Return of the Living Dead III

C-: 2.5 stars (out of 5)
1993 | United StatesJapan | 97 min | More...
Reviewed Oct 23, 2025

Brian Yuzna’s Return of the Living Dead III trades the franchise’s comic book zaniness for teenage tragedy. The result is watchable but minor.

The setup has promise. Curt and Julie are teenage lovers with boundary issues. She goads him into stealing his Army Colonel father’s security card. They break into a military lab. They watch scientists pump Trioxin into cadavers and turn them into flesh-eating monsters. Standard date night stuff.

Then Julie dies in a motorcycle crash. Curt drags her corpse back to the lab and doses her with the compound. She wakes up. She’s hungry. Not for pizza.

Yuzna knows this territory—he’s mined teen angst in Society and gore in Bride of Re-Animator. Here he delivers both, wringing startling effects from pocket change. The makeup work alone justifies the price of admission. Melinda Clarke is the real find, though. As Julie, she navigates the film’s thorny subtext about self-mutilation with conviction and restraint. When she pierces her flesh with glass shards to quiet the hunger, it’s genuinely unsettling.

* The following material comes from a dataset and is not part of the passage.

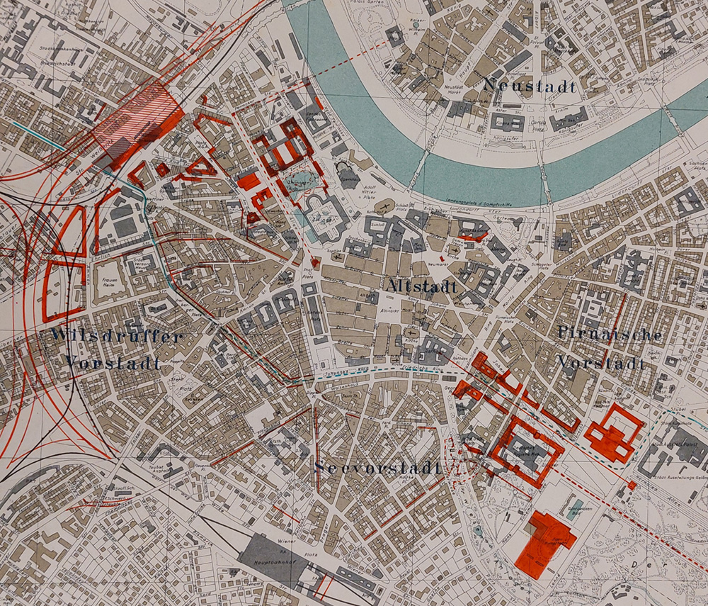 Fünfte Stufe: Mai 1940 Das Dresdner Stadtplanungsamt unter Paul Wolf fertigte im Mai 1940 einen weiteren fünften Plan zur Neugestaltung der Innenstadt Dresden an: ![]() Plan: „Neugestaltung der Innenstadt Dresden“, 23.05.1940 vom Stadtplanungs- und Hochbauamt Dresden. Nicht von Paul Wolf unterzeichnet, aber, da der Plan von seiner Behörde kam, wohl von ihm initiiert. Vergrößerung Foto: Stadtarchiv Dresden, 6.4.40.1 Stadtplanungsamt Bildstelle, Nr. II7864, Fotograf/in unbekannt, 1939. (schwarz: geplante Neubauten, schräge Schraffur: vorhandene Gebäude) Ein Grund könnte der neue Oberbürgermeister der Stadt Dresden, Dr. Hans Nieland, gewesen sein. Der Hamburger Senator und NSDAP-Mitglied Nieland war nach drei Jahren interimistischer Besetzung mit Rudolf Kluge am 08. Januar 1940 zum neuen Dresdner Oberbürgermeister ernannt und von Martin Mutschmann am 5.März 1940 in sein neues Amt eingewiesen worden. Er war Oberbürgermeister bis 19.Februar 1945. Nähere Infos zu Nieland: https://saebi.isgv.de/biografie/Hans_Nieland_(1900-1976) Tatsächlich wurde dieser Plan „Neugestaltung Innenstadt“ Dresden vom Mai 1940 nirgends publiziert. Möglicherweise war er im ersten Kriegsjahr nur für den internen Gebrauch innerhalb des Dresdner Stadtplanungsamtes bestimmt. Änderungen Die große breite Ausfallstraße nach Südosten wurde eine Nummer kleiner. Der große Platz am Ende der Achse entfiel. Es gab keine konkretere Planung von Großbauten entlang dieser Achse, die nun einen anderen, mehr nach Süden verlagerten Verlauf nehmen sollte. In dieser Konzeption von 1940 wurde eine erneute Durchbruchstraße durch die Wilsdruffer Vorstadt an der Annenkirche geplant – wieder mit Tunnelunterführung an dieser neuen Kreuzung. Am Freiberger Platz vorbeiführend, dort an der durchgezogenen Freiberger Straße einen neuen Platz bildend, war die Trasse nun nach Westen bis zum äußeren Ring (heute 26er Ring) gelegt. Besonders auffällig ist das erneut fett markierte, also wieder priorisierte Quartier in quadratischer Form anstelle der Mittelstraße am Westkraftwerk mit Anbindung an das neue Museumsquartier. Die „Altstadtsanierung“, also Überformung mit neuen Räumen, schien Paul Wolf bis zum Schluss immer wieder zu beschäftigen. Es ist sehr verwunderlich, dass das Stadtplanungsamt über den Kopf des allmächtigen Mutschmann und seiner 1939 festgelegten vier Schwerpunkte erneut eigene Schwerpunkte setzte. Vom Wiener Platz sollte nun 1940 die Durchbruchstraße ohne gebogenen Schwung Richtung Postplatz verlaufen, sondern in gerader Linie. Die Markthalle, das Gebäude der Deutschen Bank (Johannes-Ring 10) und weitere Gebäude am Altstädter Ring sollten jetzt doch erhalten werden. Offenbar hatte es Kritik über die massiven Abrisspläne gegeben, war doch gerade die Markthalle für die Einwohner der Viertel ringsum unentbehrlich im täglichen Leben. Zudem wurde jetzt hier an dieser neuen Kreuzung ein Parkplatz eingeplant. ![]() Foto um 1935: Sammlung „altesdresden.de“. Sollte nun doch erhalten werden: Gebäude Antonplatz 1 am Ring. Das geplante Museumsviertel hinter der Semperoper wurde noch einmal vergrößert. Fast alle Speicheranlagen sollten nun, durch die komplette Aufgabe des ehemaligen innerstädtischen Hafengeländes, abgerissen werden. Der Dresdner Architekt und Künstler Paul Andrae entwickelte, von der staatlichen Hochbaudirektion beauftragt, neohistoristische Pläne für ein neues ausgedehntes Museumsquartier. Dieses hätte eine zentrale symmetrische Mittelachse durchzogen, die vom Theaterplatz bis zu einem monumentalen Gebäude am Ende der Achse gereicht hätte. Zur Elbe hin war dann eine Promenade als neue Terrasse geplant, die an die historische Altstadtsilhouette anschließen sollte und mit der die NS-Landesverwaltung im „Fremdenverkehr“ nach dem gewonnenen Krieg imponieren wollte. Die Pläne der sächs. Hochbaudirektion und vom Dresdner Stadtplanungsamt, neun Monate nach Kriegsbeginn mit den Überfällen auf Polen, Belgien, Niederlande, Luxemburg, Dänemark und am Beginn des Frankreichfeldzuges signalisieren: selbst im Weltkrieg hatte es offenbar noch eine Priorität, die Neugestaltung der Dresdner Innenstadt weiter zu modifizieren – für die Zeit nach dem „Endsieg“, von dem man sich nicht vorstellen möchte, wie Deutschland, Europa und die Welt dann ausgesehen hätten. In einer modifizierten Planung, die sich bis ins Jahr 1942 erstreckte, sollte die von Wilhelm Kreis bereits in der Ausführung begriffene Opernhaus-Erweiterung mit einem neuen Gebäudeflügel verdeckt und abgeriegelt werden zugunsten eines ausgedehnten Forumplatzes in einheitlicher Architektursprache mit Kolonaden, einem hohen Campanile, einem Torgebäude und einer durch Stufen abgesenkten, quadratischen Platzfläche. Auch dieser geplante „weihevolle“ Stadtplatz sollte einer propagandistischen Manipulation seitens der Machthaber dienen. Das fertiggestellte Modell wurde Ende 1942 fotografiert, als in der Schlacht um Stalingrad die deutsche Wehrmacht eine verheerende Niederlage erlitt und damit der Weltkrieg endlich eine andere Wendung nahm. ![]() Modell Neugestaltung der „Speicherterrassen“, Aufnahmedatum 08.11.1942, spätere Fassung mit Obelisk am Ende der Achse, Foto (Ausschnitt): Stadtplanungs- und Hochbauamt Dresden, Bildstelle. Vergrößerung Stadtarchiv Dresden, 6.4.40.1 Stadtplanungsamt Bildstelle, Nr. XIII3881, Fotograf/in unbekannt, 1942 Planung zur „Dresden Erschließung“ von Oberregierungsrat Heinrich Koch 1940 Das Stadtplanungs- und Hochbauamt Dresden unter Paul Wolf war im Jahr 1940 jedoch nicht die einzige Stelle, die sich um die Zukunft der Verkehrsführung in der Innenstadt von Dresden Gedanken machte. Der Dresdner Architekt und Oberregierungsbaurat Heinrich Koch (1873-1945), bekannt durch die Ausführung des Sächsischen Hauptstaatsarchives 1912 bis 1915 auf Neustädter Seite, fertigte im zweiten Kriegsjahr 1940 umfangreiche Pläne zur „Dresden Erschließung“ mit altem un

But John Penney’s script keeps tripping over its own feet. Characters in this film have the situational awareness of mannequins. They stand in quiet, confined spaces while zombies shuffle and moan just off-screen, yet somehow never hear them coming. These aren’t stealth zombies. They’re awkward, clumsy, and loud. Yet time and again, characters remain oblivious until the plot requires them to turn around and scream. It’s lazy staging masquerading as suspense. It doesn’t build tension. It builds irritation.

The film devolves into a chase picture—Curt and zombie Julie fleeing from cops, soldiers, and armed gang members—and while Yuzna stages the carnage with his usual flair, the script can’t sustain momentum. The black comedy streak that animates Yuzna’s best work is missing. What’s left is competent horror-drama punctuated by impressive gore.

Return of the Living Dead III works as a franchise side-story, not a true sequel. It’s too somber, too earnest. That’s not inherently bad. But when your script keeps undermining itself with deaf characters and convenient stupidity, earnestness isn’t enough.

The ingredients for something special sit right there on screen—the effects, Clarke’s performance, Yuzna’s visual flair. They’re just trapped in a script that never quite comes to life.